• [WHAT IS REQUIRED]: Only one stretch of the data should be retyped: the lines from the line containing "抹灰完成后,總包、監理、甲方實測結果分別用白、藍、紅色粉筆標注在墻面上。" through the line containing "Caminhão carregado com". Keep pictures out of it.

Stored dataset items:
::::
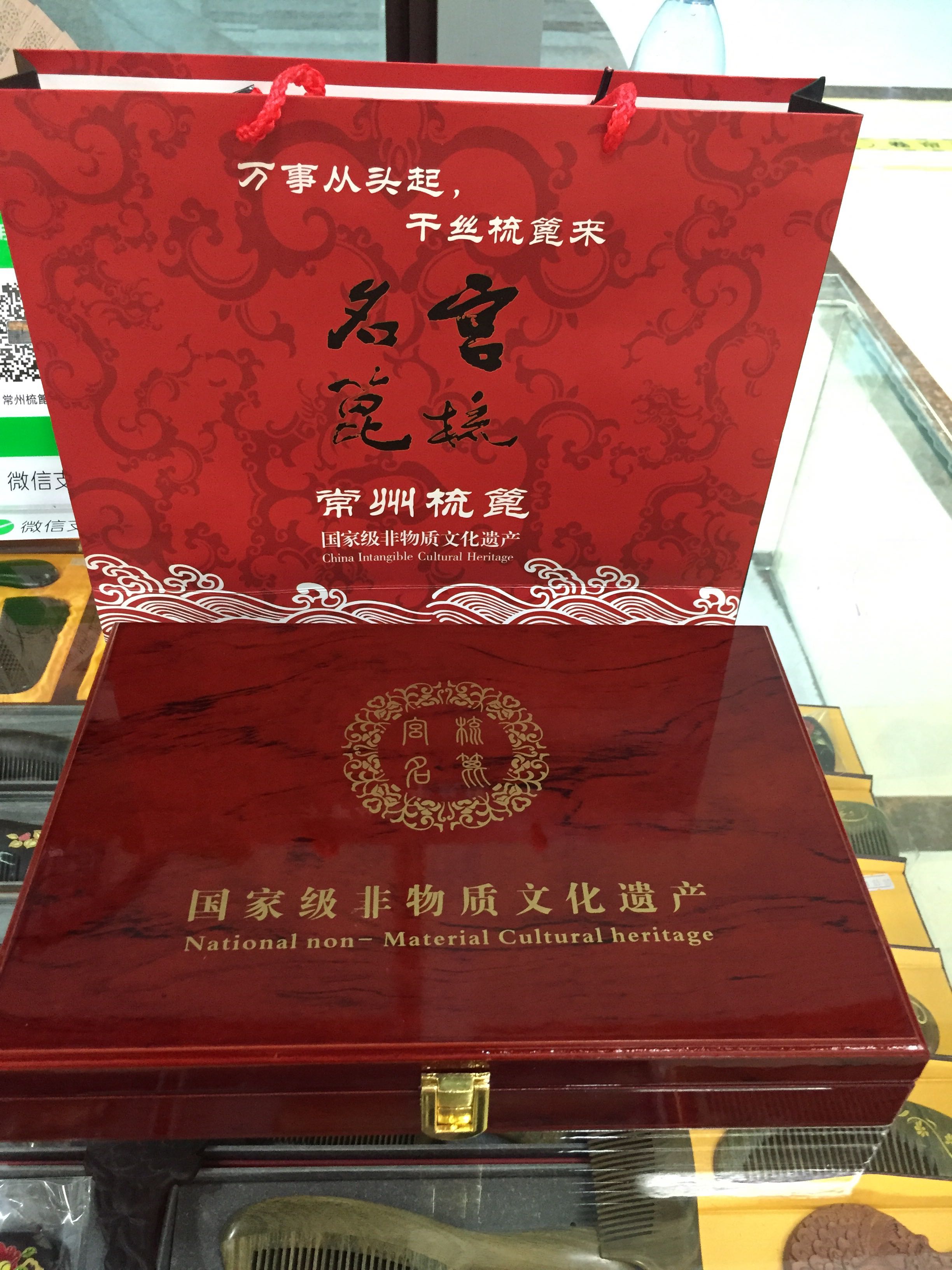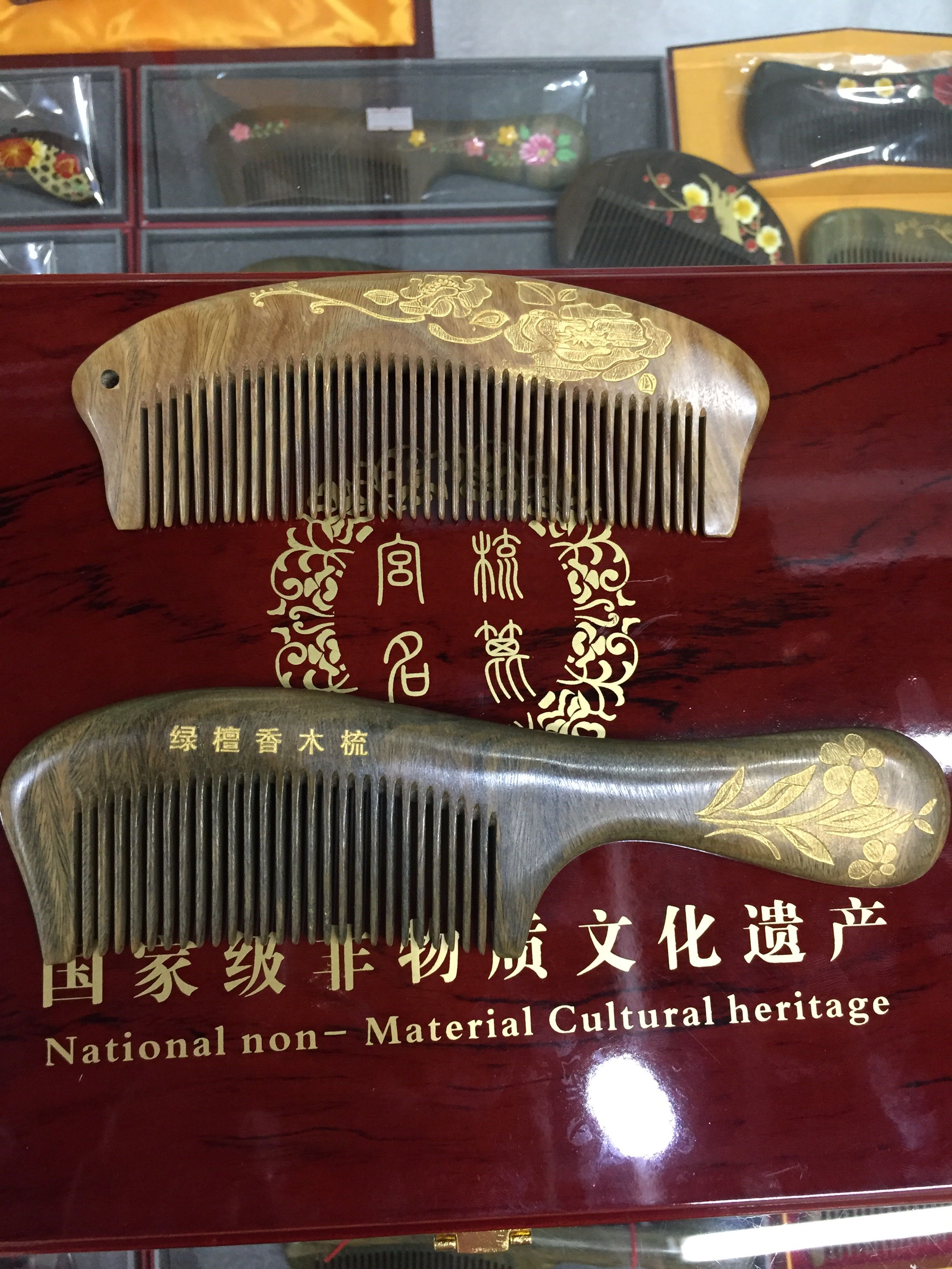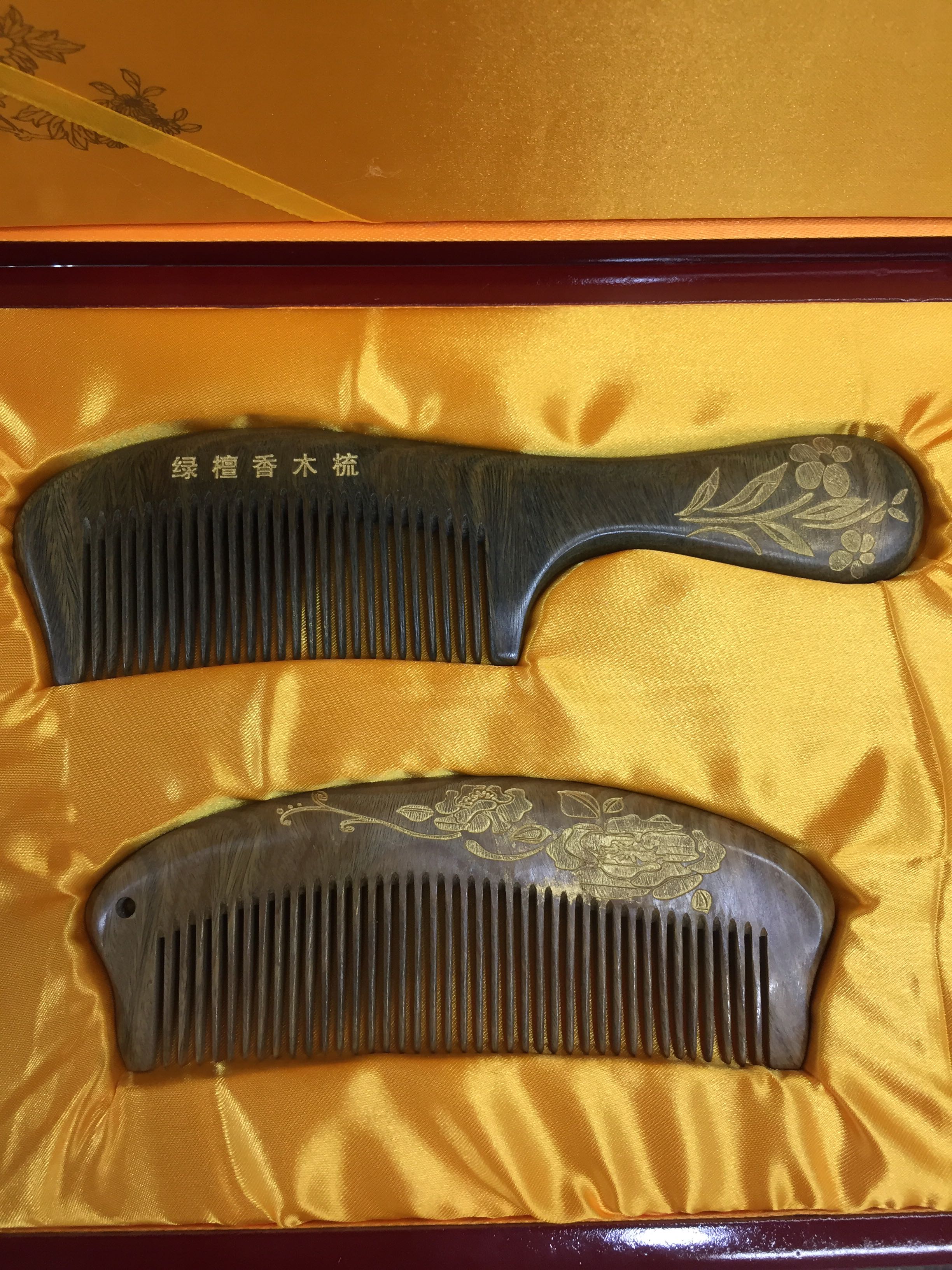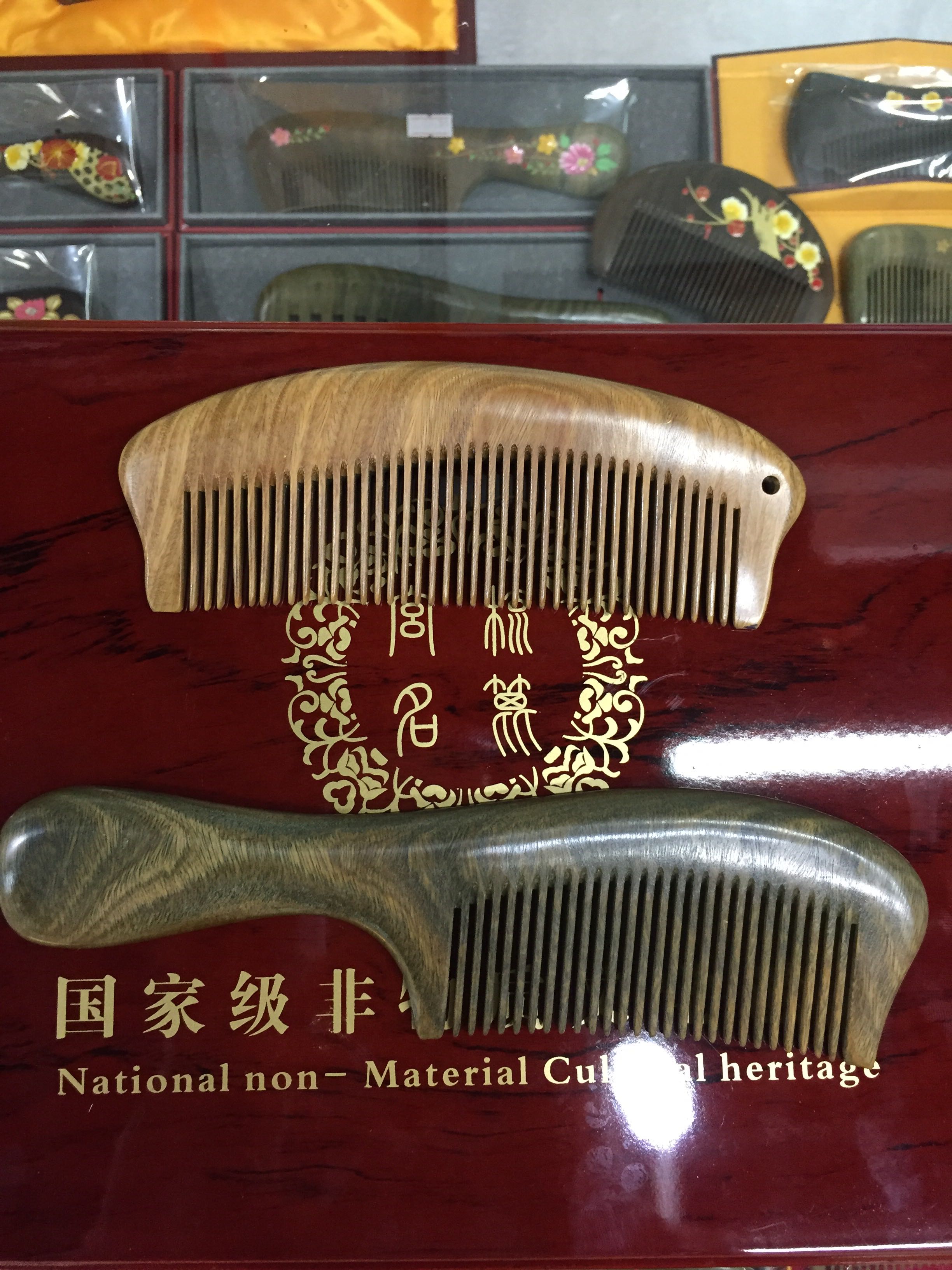 Changzhou comb factory boutique green sandalwood carving blossom stamping comb gift box gift bag free engraving
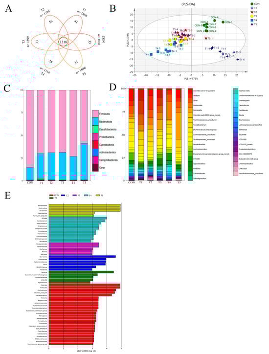 (A) OTU Venn diagram; (B) PLS-DA score scatter plot; (C) taxonomic composition of the cecal microbiota at the phylum level; (D) taxonomic composition and relative abundance of the cecal microbiota at the genus level; (E) histogram of LDA scores for taxonomic biomarkers identified by LEfSe. LDA scores (log 10) > 2 indicate enriched taxa in cases.
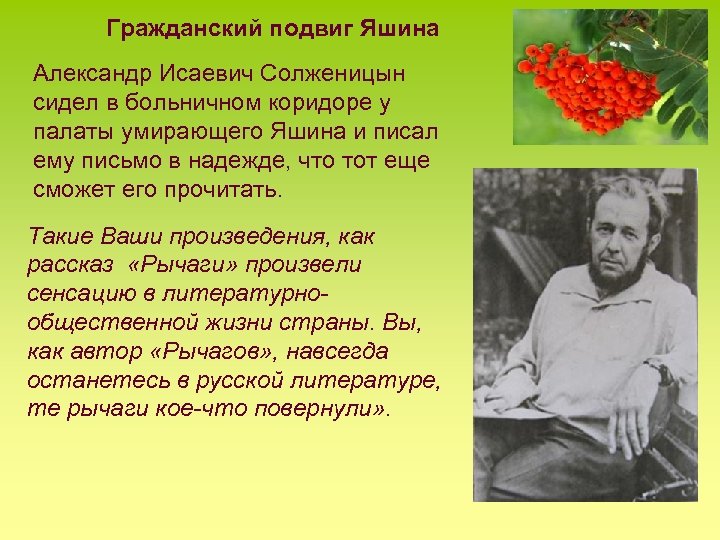 Гражданский подвиг Яшина Александр Исаевич Солженицын сидел в больничном коридоре у палаты умирающего Яшина и писал ему письмо в надежде, что тот еще сможет его прочитать. Такие Ваши произведения, как рассказ «Рычаги» произвели сенсацию в литературнообщественной жизни страны. Вы, как автор «Рычагов» , навсегда останетесь в русской литературе, те рычаги кое-что повернули» .
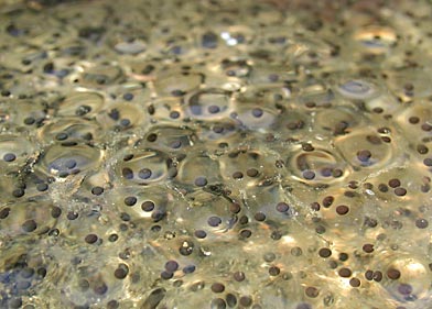 水面に漂う卵核から、もう2,3日でオタマシャクシに。
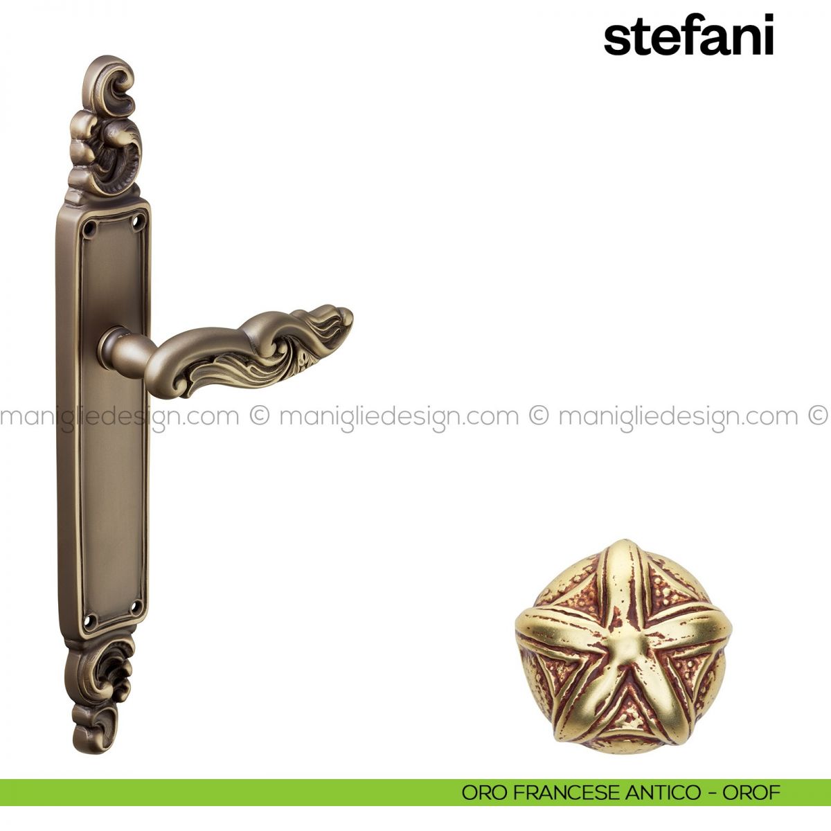 Maniglia per porta con placca Stefani Poggi Mariani oro francese antico - OROF foro patent
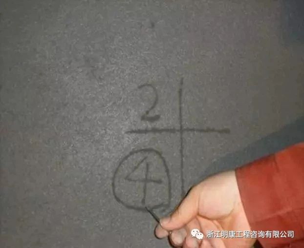 抹灰完成后,總包、監理、甲方實測結果分別用白、藍、紅色粉筆標注在墻面上。
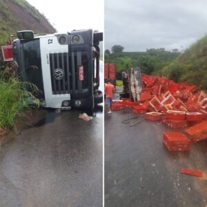 Caminhão carregado com frangos tomba no trevo da reciclagem em Viçosa
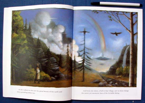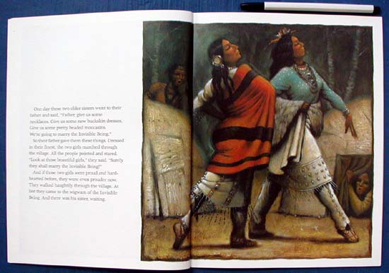 In this Algonquin Indian tale, the Rough-Face Girl is scarred from years of tending the fire for her family. She is mistreated by her sisters, who go on a journey to find and marry the Invisible Being. The Rough-Face Girl desires to meet this mysterious power and decides to embark on her own search. When she meets up with the sister of the Invisible Being, she is put through a test. After she answers all of the questions correctly, she bathes in the lake. While in the water, her scars vanish and she ends up marrying the Invisible Being. Magnificent paintings and moving prose perfectly capture the beauty of the natural world in this Native American version of Cinderella. - Debra Briatico
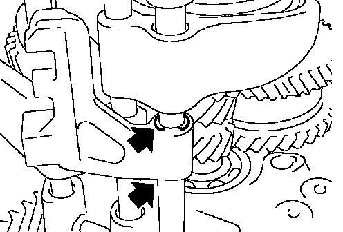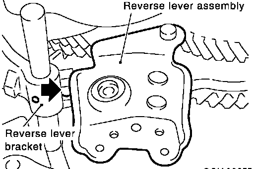 b. While lifting reverse shift fork, align cam with reverse bracket.
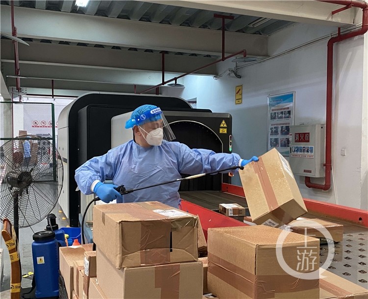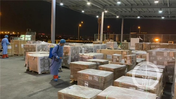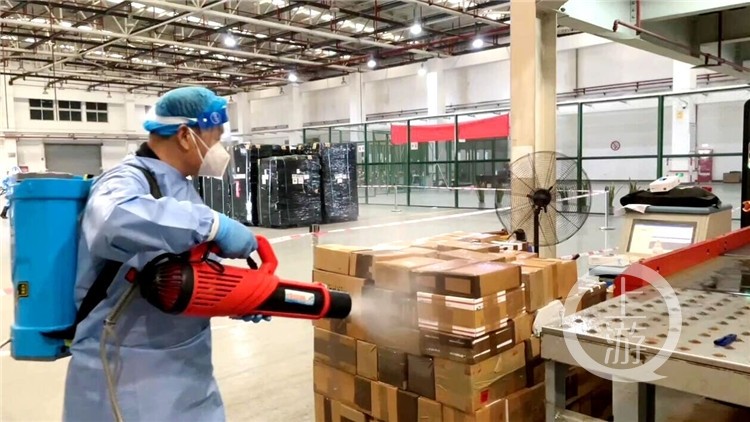 9月11日,上游新闻记者从重庆江北国际机场获悉,针对国际疫情严峻形式,江北机场已进入全面消杀的常态化防控模式,将国际进口货物“先整板消杀再六面消杀”,每天消杀上百吨国际货物,守牢守住重庆“空中门户”。
::::
• [ANSWER SECTION]:
 抹灰完成后,總包、監理、甲方實測結果分別用白、藍、紅色粉筆標注在墻面上。
 Caminhão carregado com frangos tomba no trevo da reciclagem em Viçosa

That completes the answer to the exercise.